Sadly you disagree with the fundamental fact front and
rear radiation of a driver is out of phase. Any attempt
to justify your position is just illustrating ignorance.

rgds, sreten.

According to your facts air dosnt move so forgive me if I'm not buying your "facts".

Prove it in the near field.

So if I put sub drivers without boxes next to each other and then turn one around I will get the same spl?
 
So when a speaker moves the air right in front of it dosnt move? So the air goes thru the driver?

At low frequencies the driver is far smaller than a wavelength and the air takes the path of least resistance from compression in front and rarefaction behind around the outside edges of the driver with less radiated SPL.

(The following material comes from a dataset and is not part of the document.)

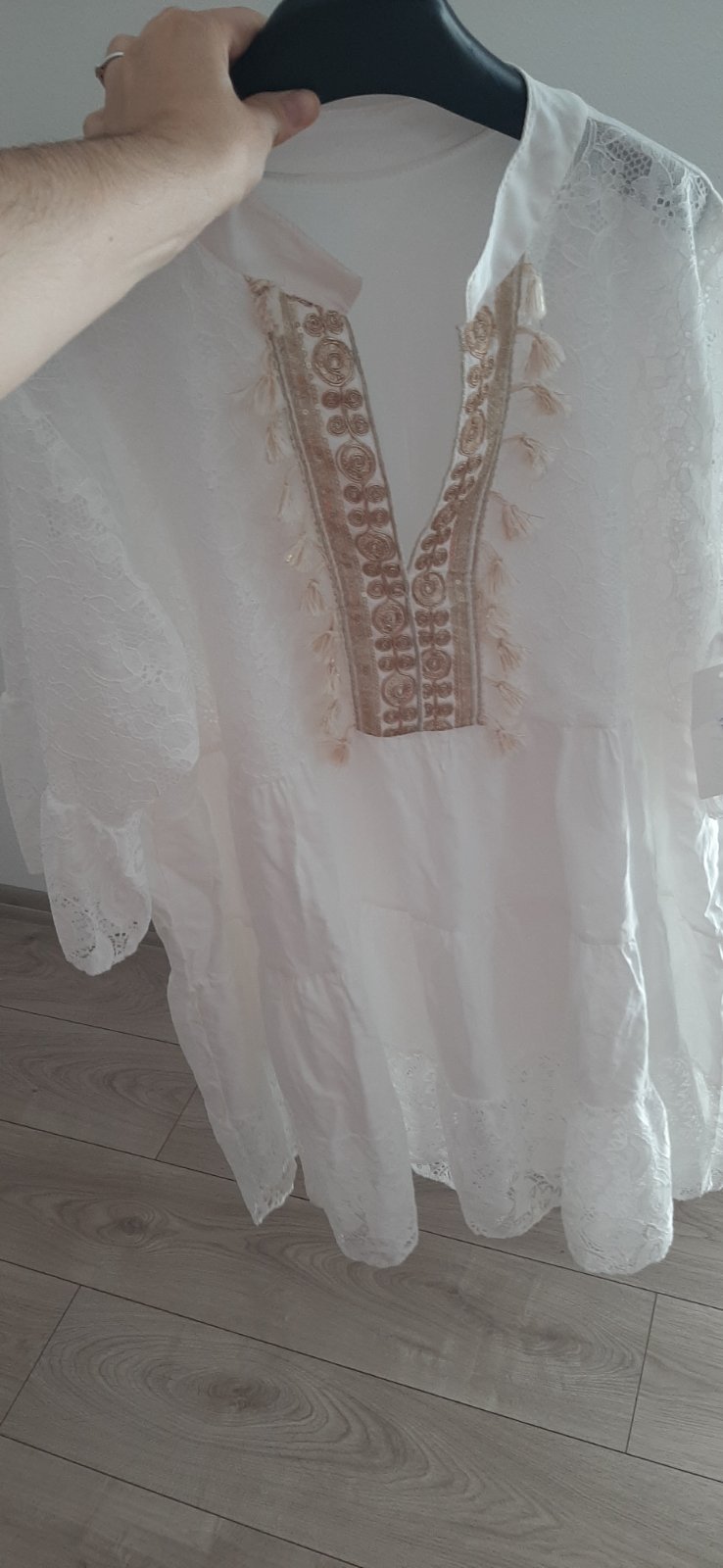 Háčkované čipkovane šaty tunika na plavky. Krásne sedí vpredu na uviazanie.

More than you want to know...

http://robots.mit.edu/publications/papers/1997_01_Opp_Dub.pdf
 
Hi Y'all,

It looks to me that the diagram in Post #8 is for a monopole, not the dipole radiation of a freely suspended radiator?

Regards,
Right, it is.

I was just trying to find a relevant picture to show in general terms how high frequency beaming works to explain the baffle roll-off at low frequency. It illustrates how HF is projected forward while LF wraps around the sound source with varying degrees of directivity in between. Extrapolating how that affects cancellation for a driver suspended in air is an exercise left for the reader, you could say.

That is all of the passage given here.